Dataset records
BEGIN

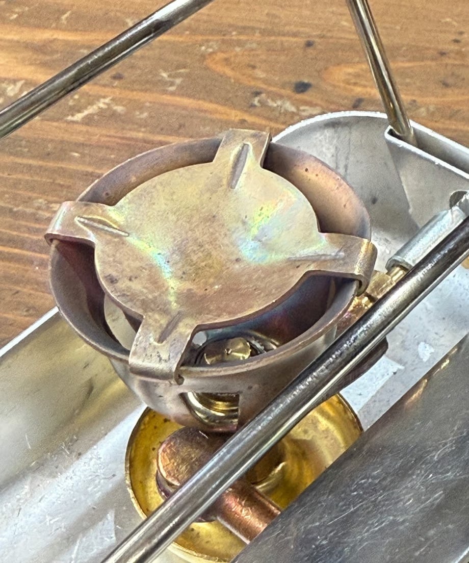 燃焼は加圧式ランタン同様プレヒートをしながら、バルブを開くと簡単に着火します。燃料はホワイトガソリンです。ランタンよりとても簡単です。
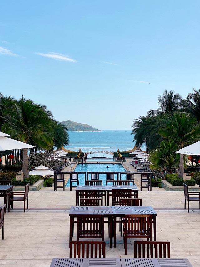沿海边有两家温德姆,一家是评分较高,价格也略贵几十的“豪庭温德姆”,风格偏商务一些,而我选择的南国温德姆偏古堡欧式风情,更温馨一些,看地理位置,豪庭是处在一个半岛上,阳台景色面对的是港湾,而南国面朝的是真正的大海,那肯定是大海景色更美呀!果断就选这里啦!
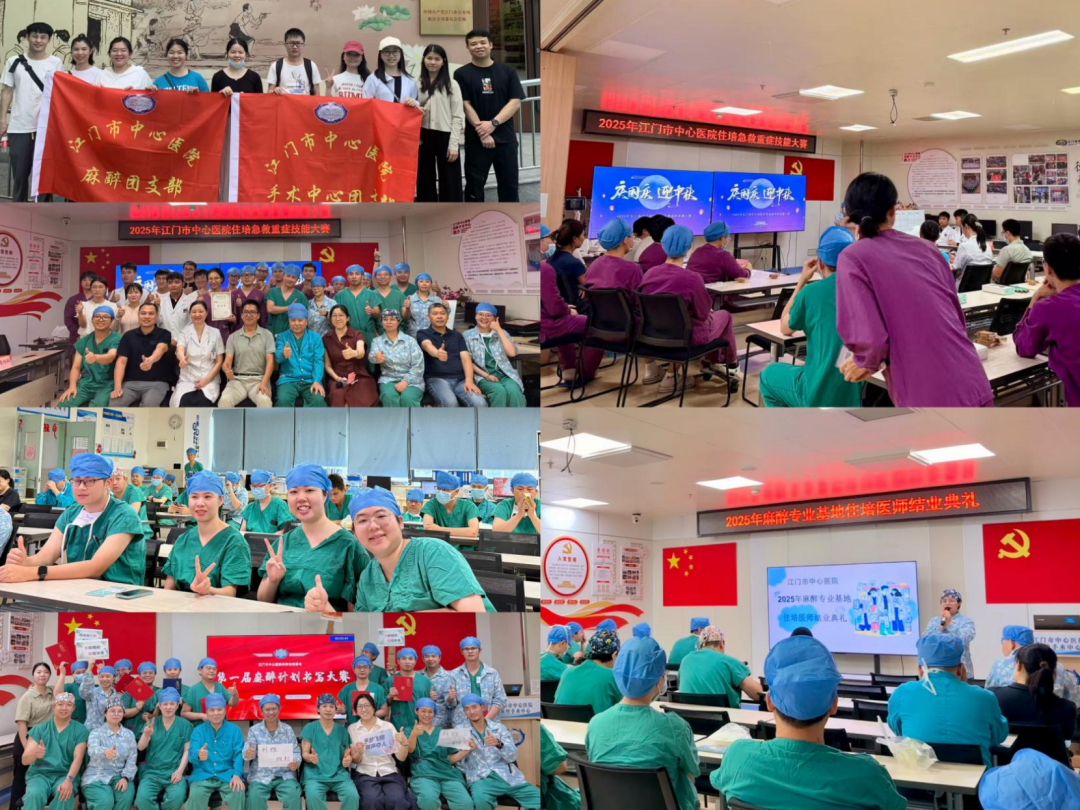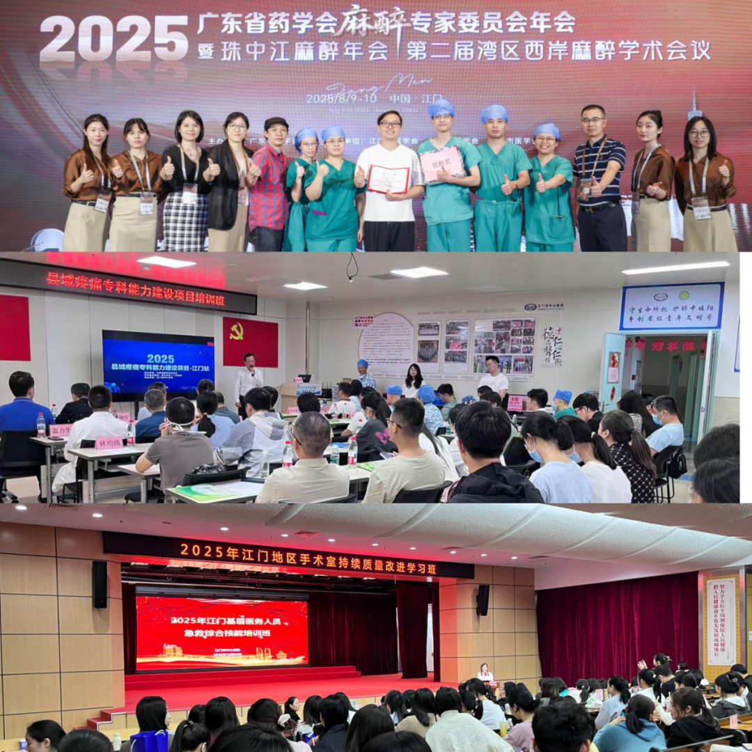 作为江门市市级重点专科及五邑地区唯一的麻醉专业住培基地,本中心同时是广东医科大学、潍坊医学院、包头医学院、牡丹江医学院等近十所院校的实习基地,担任着实习生与住培生培养、在职人员继续教育的重任。在国家七部委发文之前,基地已率先开展麻醉护理大专班大学联合教育,并承担江门中医药职业学院麻醉护理专业在校教学工作。每周定期组织针对实习生、护理学生及住培医师的理论授课和病例讨论,确保教学与实践紧密结合。作为医教研一体化的科室,本中心还承担了数十项科研立项工作。2023年至今,科室共获得江门市科技局立项21项,参与临床试验多中心3项,主持横向基金8项、主持院内杰青1项,并参与广东省自然面上项目1项。此外,科室主持广东省适宜技术推广项目6项、新型专利3项,发表SCI论文12篇。2024年,科室成功立项江门地区首个麻醉专业GCP项目。
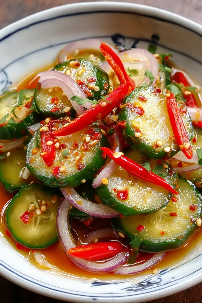 Thinly sliced onions bring a subtle sweetness and mild sharpness that complements the cucumbers and balances the heat.
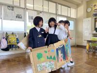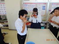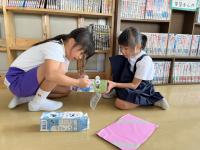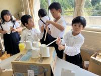 10月3日(火)2年生の学習で、おもちゃをつくって1年生を楽しませてくれました。動くおもちゃや射的を作って、一年生に遊び方を説明して、交流しました。作っている時は、1年生が楽しんでくれるかな、を考え、交流では、1年生が困らないように、楽しめるように、案内したり、誘ったりしていた2年生でした。最後に1年生から「楽しかったです」という感想を聞いて、嬉しそうな笑みを浮かべた2年生でした。頑張ってよかったですね。

END

Work item — Find the line holding "作为江门市市级重点专科及五邑" in the data above. Retype it and every later line exactly, through the end, but not the pictures.

Answer space —
 作为江门市市级重点专科及五邑地区唯一的麻醉专业住培基地,本中心同时是广东医科大学、潍坊医学院、包头医学院、牡丹江医学院等近十所院校的实习基地,担任着实习生与住培生培养、在职人员继续教育的重任。在国家七部委发文之前,基地已率先开展麻醉护理大专班大学联合教育,并承担江门中医药职业学院麻醉护理专业在校教学工作。每周定期组织针对实习生、护理学生及住培医师的理论授课和病例讨论,确保教学与实践紧密结合。作为医教研一体化的科室,本中心还承担了数十项科研立项工作。2023年至今,科室共获得江门市科技局立项21项,参与临床试验多中心3项,主持横向基金8项、主持院内杰青1项,并参与广东省自然面上项目1项。此外,科室主持广东省适宜技术推广项目6项、新型专利3项,发表SCI论文12篇。2024年,科室成功立项江门地区首个麻醉专业GCP项目。
 Thinly sliced onions bring a subtle sweetness and mild sharpness that complements the cucumbers and balances the heat.
 10月3日(火)2年生の学習で、おもちゃをつくって1年生を楽しませてくれました。動くおもちゃや射的を作って、一年生に遊び方を説明して、交流しました。作っている時は、1年生が楽しんでくれるかな、を考え、交流では、1年生が困らないように、楽しめるように、案内したり、誘ったりしていた2年生でした。最後に1年生から「楽しかったです」という感想を聞いて、嬉しそうな笑みを浮かべた2年生でした。頑張ってよかったですね。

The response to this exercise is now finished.